Not too long afterwards an off-duty police officer in plain-clothes stopped on his way home to make a phone call. While he stood talking on an outdoor public phone, two muggers rushed up to him. One of them brandished a gun and de­manded his wallet. Instead, the officer drew a gun and sent the armed mugger to the morgue.

The Los Angeles Times usually describes such incidents along the lines of: "That's one robber who certainly picked on the wrong person." Why shouldn't every person be the wrong person? Ironically, the same Los Angeles Times regularly edi­torializes against an armed citizenry and has never seen an anti-gun piece of legislation that it didn't like. Somehow the paper believes that disarming peaceable, law-abiding citizens will affect criminal behavior.

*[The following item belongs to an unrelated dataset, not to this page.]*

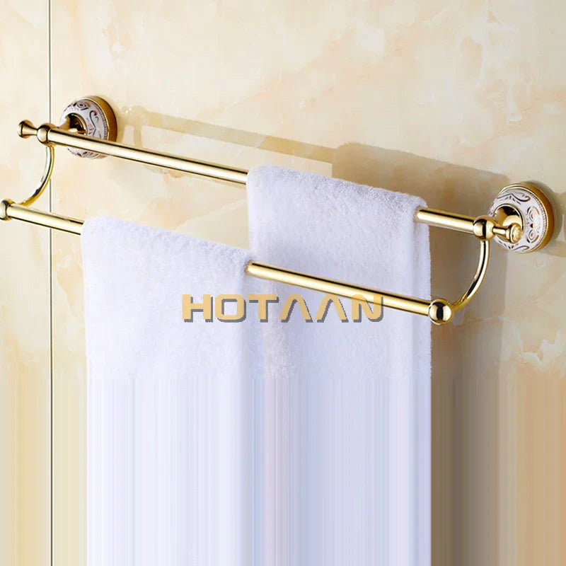 DecorBites™ قضيب منشفة مزدوج مقاس 60 سم مع لمسة نهائية من السيراميك الذهبي لإكسسوارات الحمام.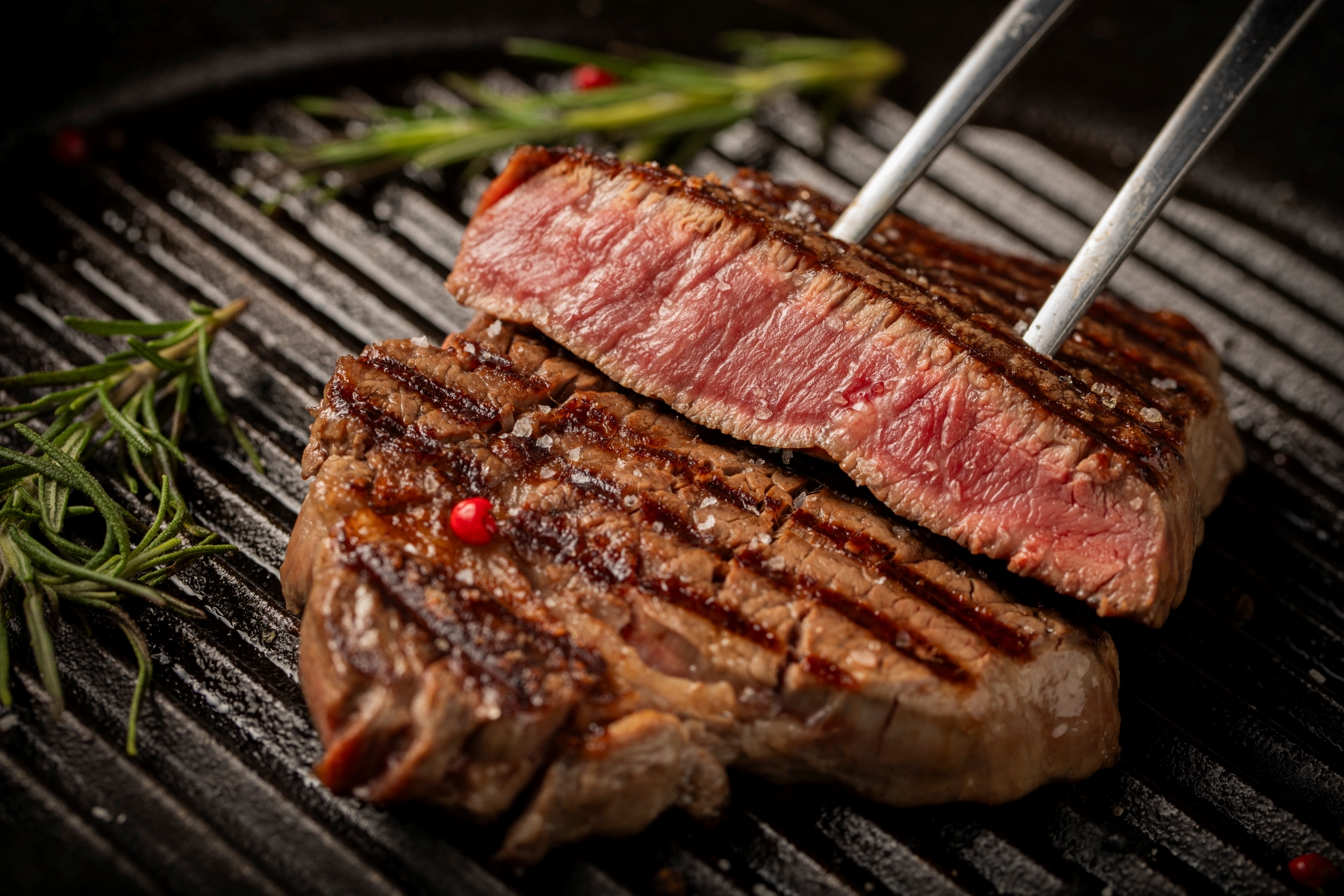 サシがきれいに入ったトヨニシファームの雪美和牛モモステーキです。

I have often wondered what an Auroran or Bodieite would think of America today, if he or she were suddenly transport­ed to the late 20th century. I think he would be shocked to learn that sometime and somewhere between then and now we lost our way and our will as a nation and a people. It would boggle an Auroran's or a Bodieite's mind to be forced to aban­don his weapon of choice and then to be told by the authori­ties that when confronted by a robber he should meekly sur­render his poke of dust or that he should feign sleep while a burglar pillages his home. It would be incomprehensible for a Nixon or a McDonald to abandon, without a fight, his home in the city and flee to a suburban hamlet or to stand idly by while women are ravaged. What malaise, what weakening of the personal and national will has caused America to come to this, we might ask. We do not seem to be able to summon the courage to defend our persons, our homes, our culture, our bor­ders, our language. While today we hand the barbarians the keys to the gates, an American in the Old West would have drawn a deep breath, aimed carefully, taken up the slack on the trigger, squeezed, and treated them to a good dose of lead.